Change the world

08/10/2020

Nelson Mandela University has appointed human rights activist and eminent scholar, Professor André Keet, as its new Deputy Vice-Chancellor: Engagement and Transformation.

Prof Keet has been acting in this role since the University approved the creation of this new post as part of the 2019 institution-wide Organisational Redesign project undertaken last year to further align its structures and processes with its strategic priorities.
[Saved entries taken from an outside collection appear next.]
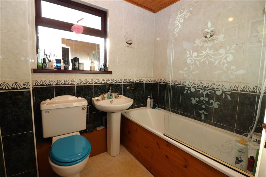 White suite. Panelled bath with electric shower and shower screen. Pedestal wash hand basin. Low flush WC. Tiled walls. Pine panelled ceiling.
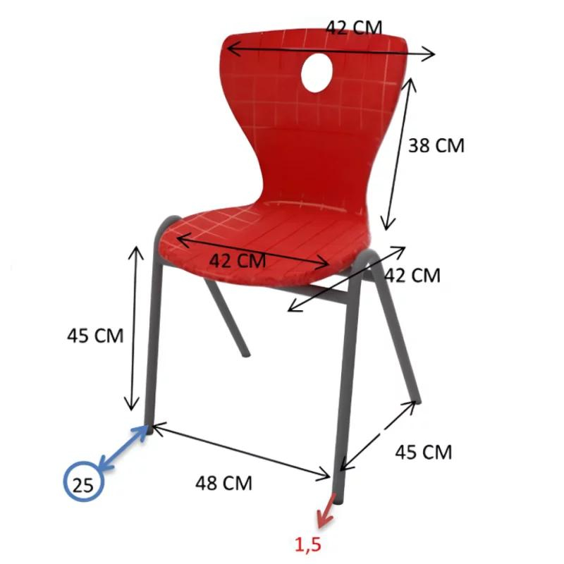 Scaun cu șezut și spătar din plastic Șezutul și spătarul scaunului sunt un bloc unic (monobloc), din plastic turnat solid, fabricat din polipropilenă de calitate, care are o textură ușoară, astfel nu alunecă și este rezistent la zgârieturi fine.
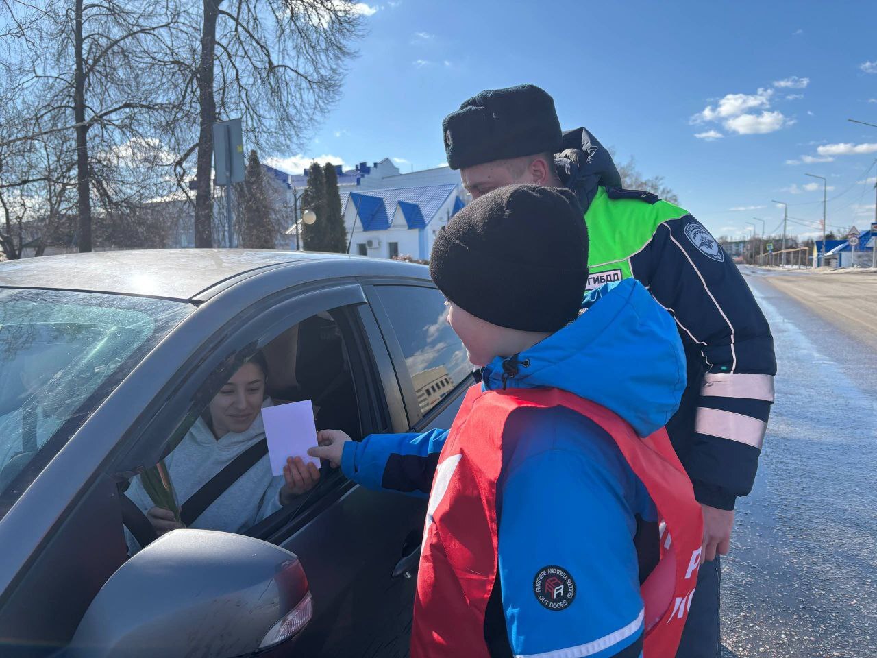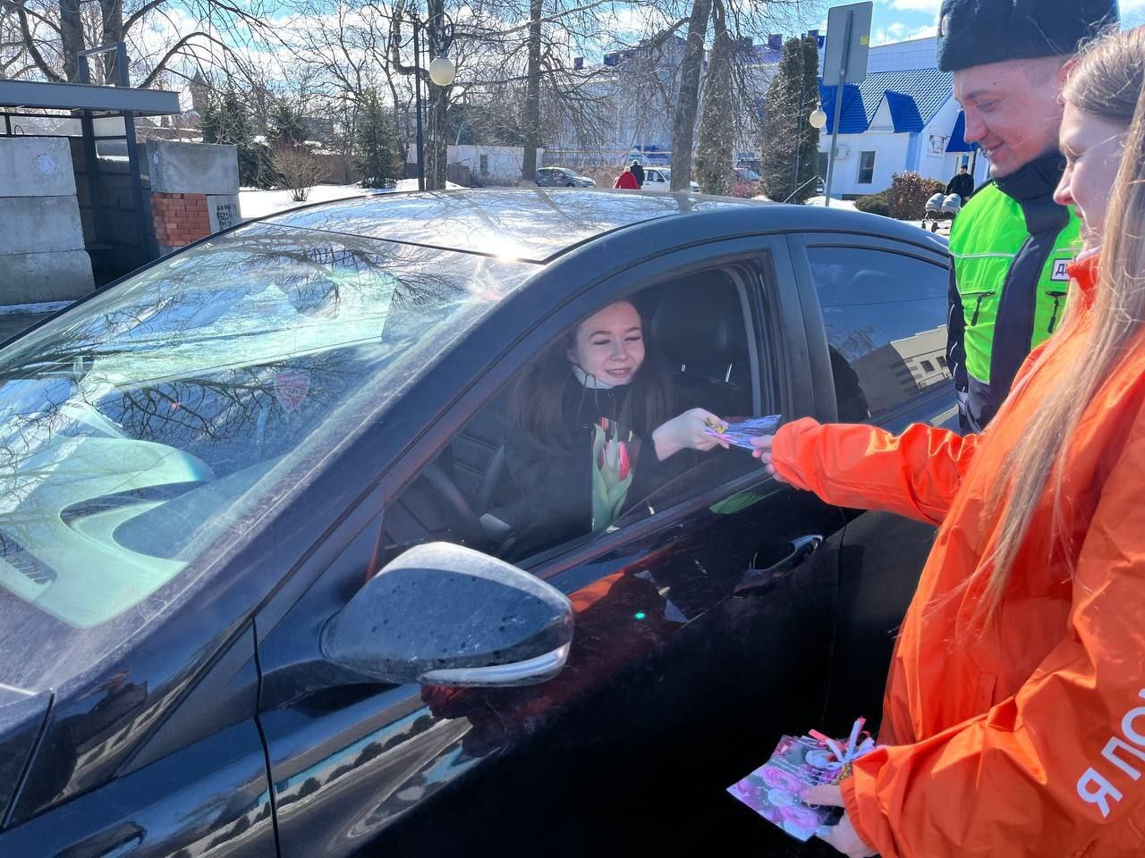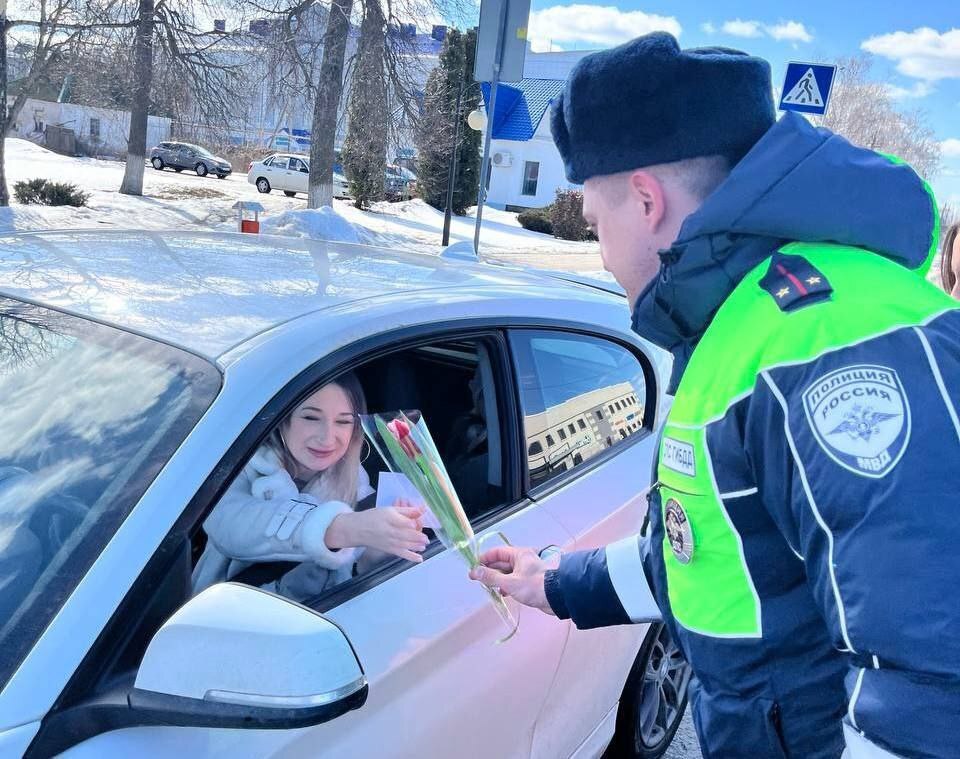 Госавтоинспекторы вместе с волонтёрами и активистами «Движения Первых» по доброй традиции поздравили женщин с Международным женским днём.
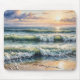 Waves gently crash onto the shore, illuminated by the soft glow of the setting sun. The sky reflects hues of orange and pink, surrounded by scattered clouds.
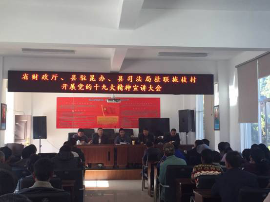 为宣传贯彻党的十九大精神,让党的十九大精神真正深入基层、深入群众、深入人心,拖枝村召开由省财政厅、县驻昆办、县司法局联合开展的党的十九大精神宣讲大会
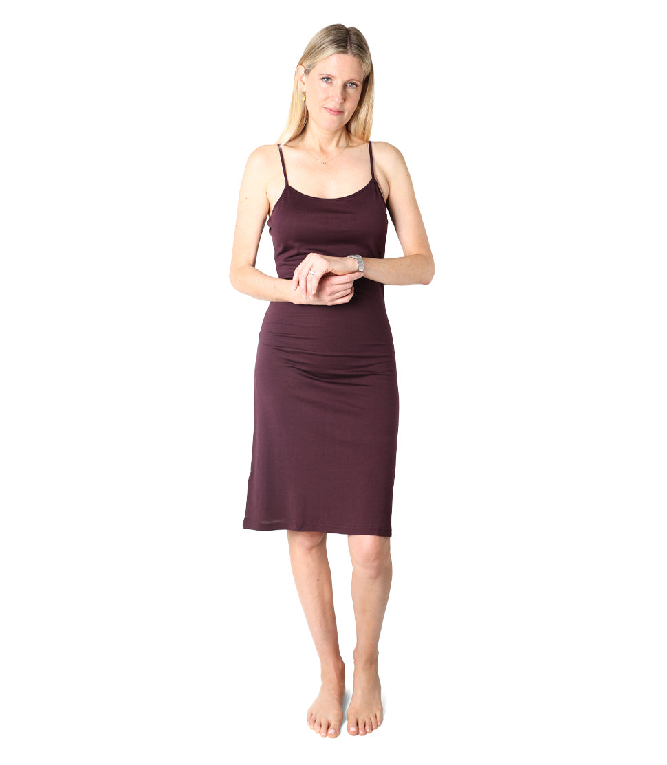 The Silkspun Slip Dress is a luxurious next-to-skin layer that doesn’t bunch, cling or overheat.  The 100% natural silk, merino and cotton blend keeps you warm providing the perfect extra layer needed on colder days, yet its natural breathability keeps you comfortable in any situation.  Featuring adjustable shoulder straps for wearing under a variety of hemlines it doubles beautifully as a nightie for a luxurious night's sleep.
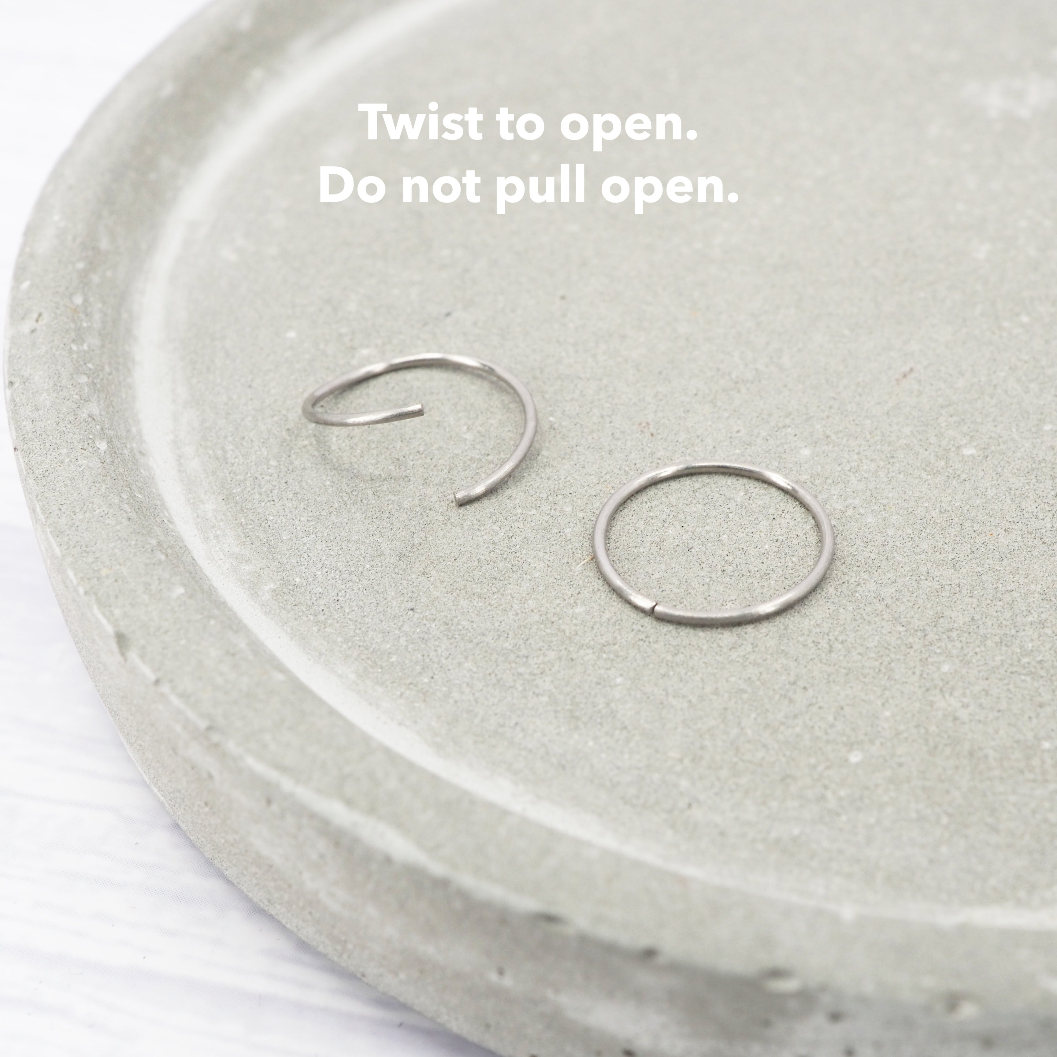 The hoops twist open as shown in the pictures above so they can be slipped through the piercing easily. Then simply twist them shut again to close.
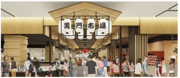 1階にはフロアの約半分約9600㎡(2904坪)を占める食の一大ゾーンを設ける。スーパーマーケット の「(仮称)ライフ セントラルスクエア」をはじめ、大阪市中央区日本橋にある「黒門市場」の店舗が出店する市場、食物販、レストラン、ファストフード、カフェを集積する。また3階にはフードコートを設ける。商業施設には食が欠かせない機能になってきた。
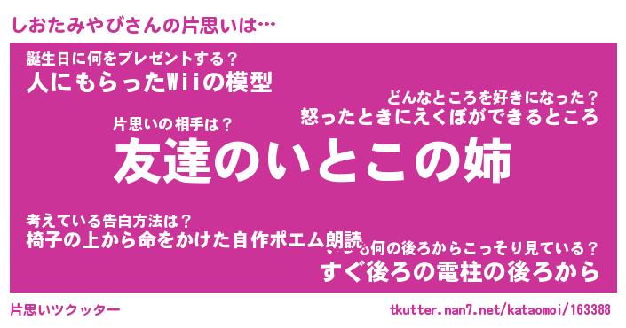 | 恥ずかしいあだ名 | 『プリティーしおたみやび』『しおっちょ』 |
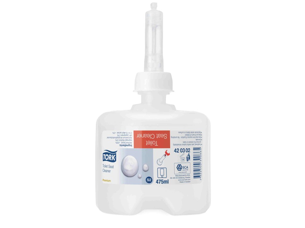 Tekutý čistič Tork Premium na toaletní prkénka NEW, jednorázová láhev včetně dávkovací pumpičky . Prioritou na toaletách jsou prostředky k mytí a sušení rukou, které podporují správnou hygienu. Mýdla Tork Premium, která čistí a zároveň zvlhčují pokožku, hrají důležitou roli při poskytování kvalitní a moderní hygieny rukou. Toalety by měly nejen splňovat hygienické potřeby,ale rovněž jejich údržba by měla být snadná, s co nejnižšími náklady, nízkou odpadovostí a vysokým repektem k životnímu prostředí. Nový systém Tork pro mytí a čištění rukou splňuje ty nejnáročnější požadavky a zajišťuje dokonalou hygienu. Zásobník tekutého mýdla a nový design obalů mýdel a čistících prostředků byly optimalizovány tak, aby fungovaly v dokonalé harmonii a aby je bylo možné snadno a rychle doplňovat. Nová jednorázová dávkovací pumpička zaručuje, že uživateli se při každém pužití dostane 1 ml mýdla nebo čistícícho prostředku, což je dostatečné množství pro řádné umytí a očištění rukou. Tím se zabraňuje nadměrné spotřebě mýdla, což značně snižuje frekvenci doplňování a výměny náplně v zásobníku.
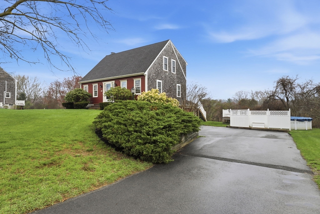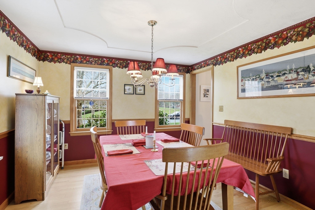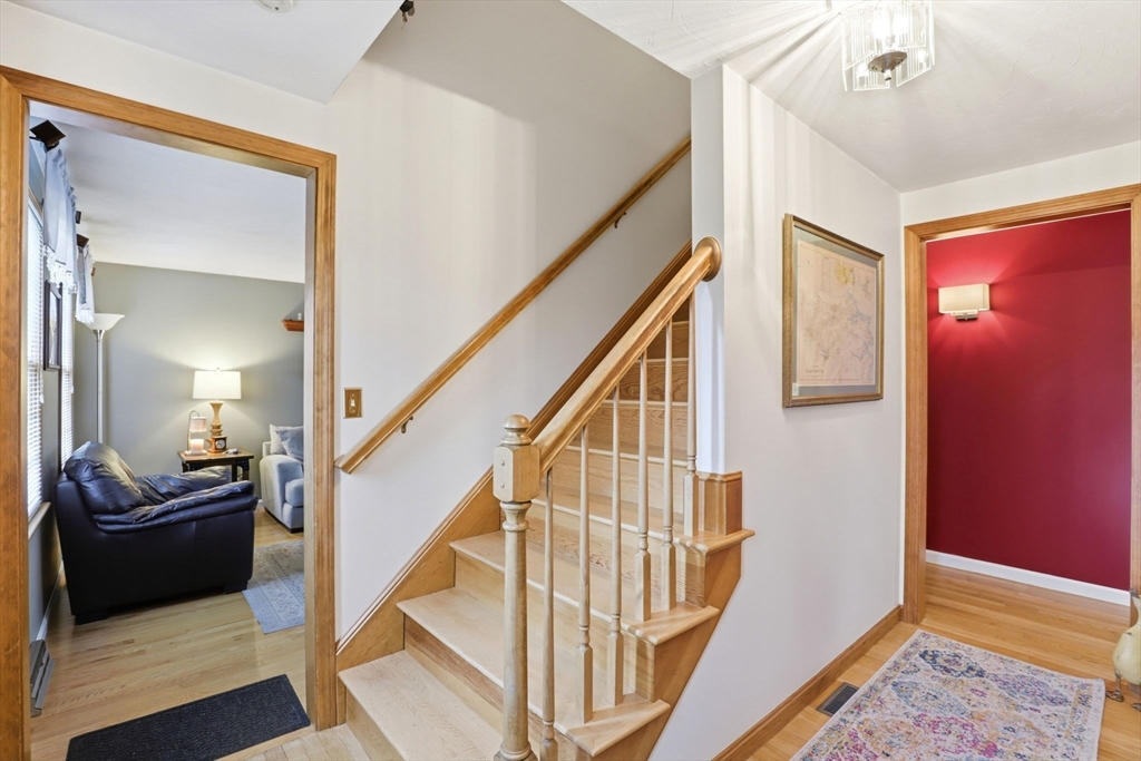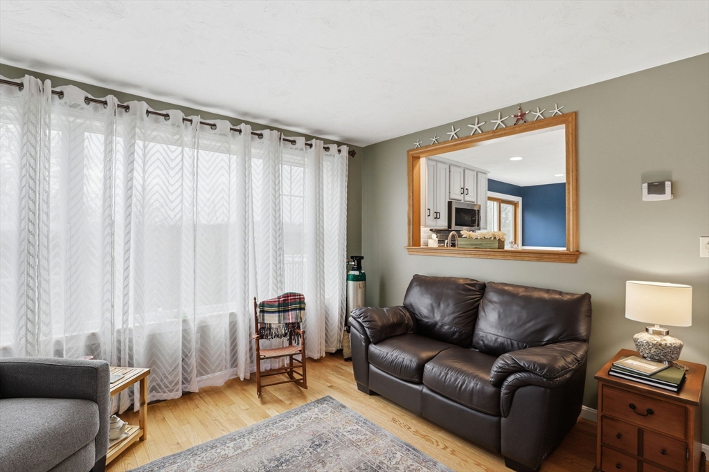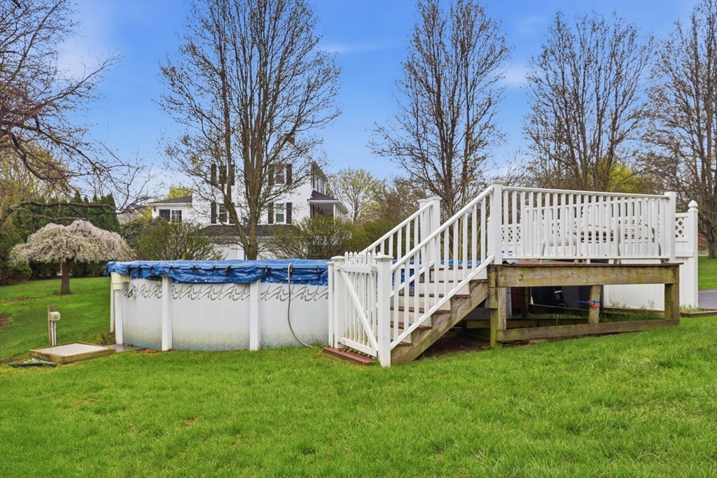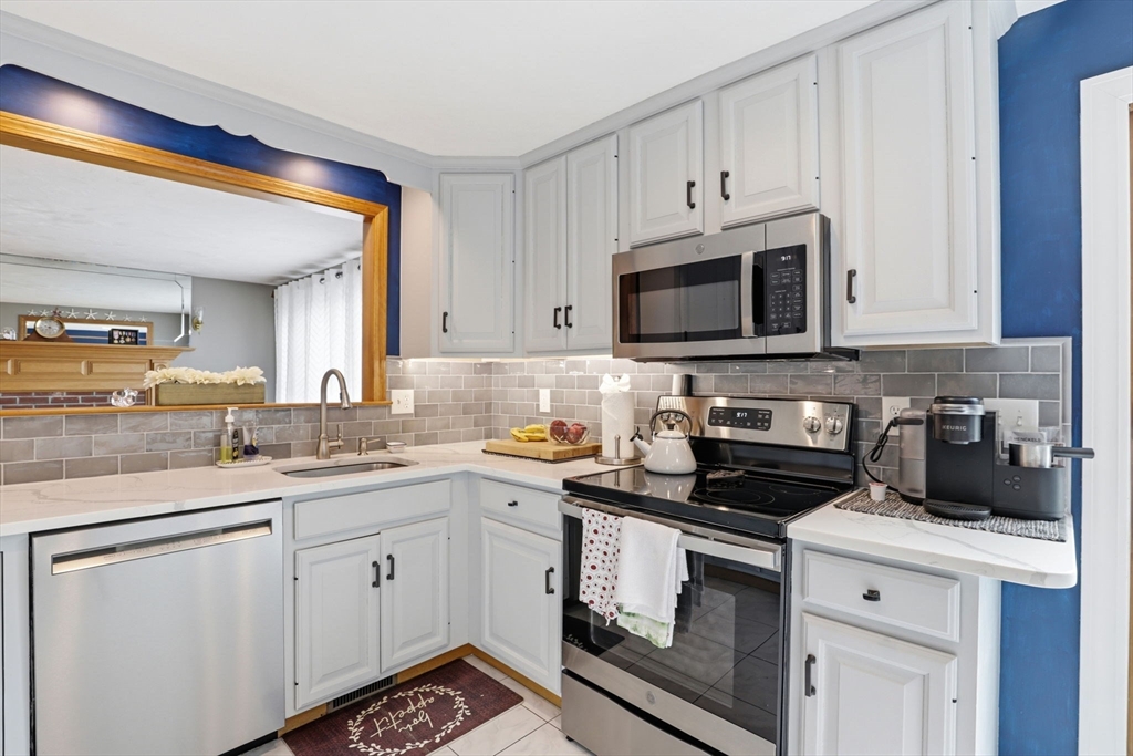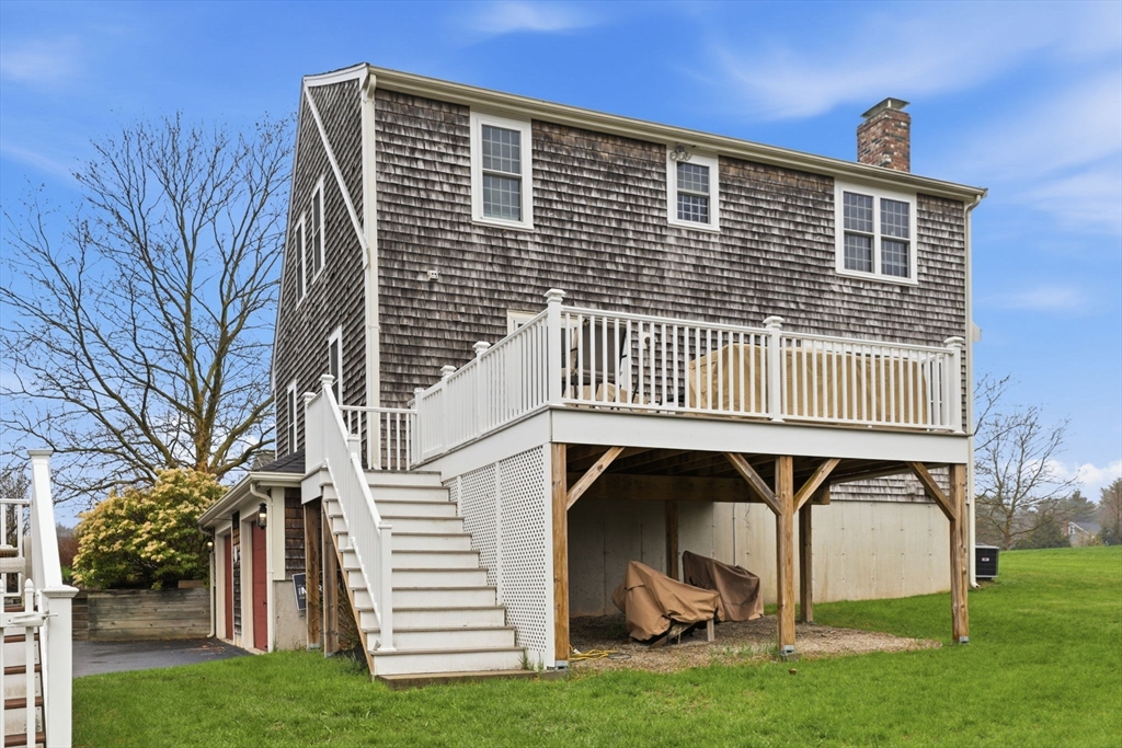 Quintessential New England Cape set in one of Bridgewater’s most desirable neighborhoods! Updated kitchen showcases tile flooring, beadboard detail, quartz countertops, stylish backsplash & stainless steel appliances. Front-to-back living room offers hardwood floors & a cozy wood-burning fireplace, while the formal dining room features hardwood floors & an elegant tray ceiling. Upstairs, you’ll find 3 bedrooms, all with hardwood floors, including a spacious primary with double closets, plus a full bath with tile flooring. The finished lower level adds versatile living space ideal for a playroom, home office, or young adult suite. Enjoy outdoor living with an above-ground pool & composite deck overlooking a peaceful natural setting.

The University's focus on Engagement and transformation have become a key focus of the University, as it further advances its key character as a university in service of society.

As the University’s first Chair: Critical Studies in Higher Education Transformation (CriSHET) and with a wealth of practical and scholarly experience in the field, Prof Keet is eminently qualified to drive the new portfolio, as one of four Deputy Vice-Chancellors.

“As reaffirmed by the implications of COVID-19, engagement at our University and across the national and global higher education system, needs to be re-imagined within the context of a responsive, responsible and transformative university.

“Such re-invention requires us to be courageous in perpetually undoing and reconstituting ourselves along social justice lines for the transformative/responsive university to take shape,” says Prof Keet.

“It is to the University’s credit that we, with renewed energy, have been working at it for the past two years, steered by a collective vision under the leadership of the Vice-Chancellor Professor Sibongile Muthwa and the Council.

“I am grateful to be part of this and am particularly encouraged by the way that the entire university community has responded to these strategic redirections.”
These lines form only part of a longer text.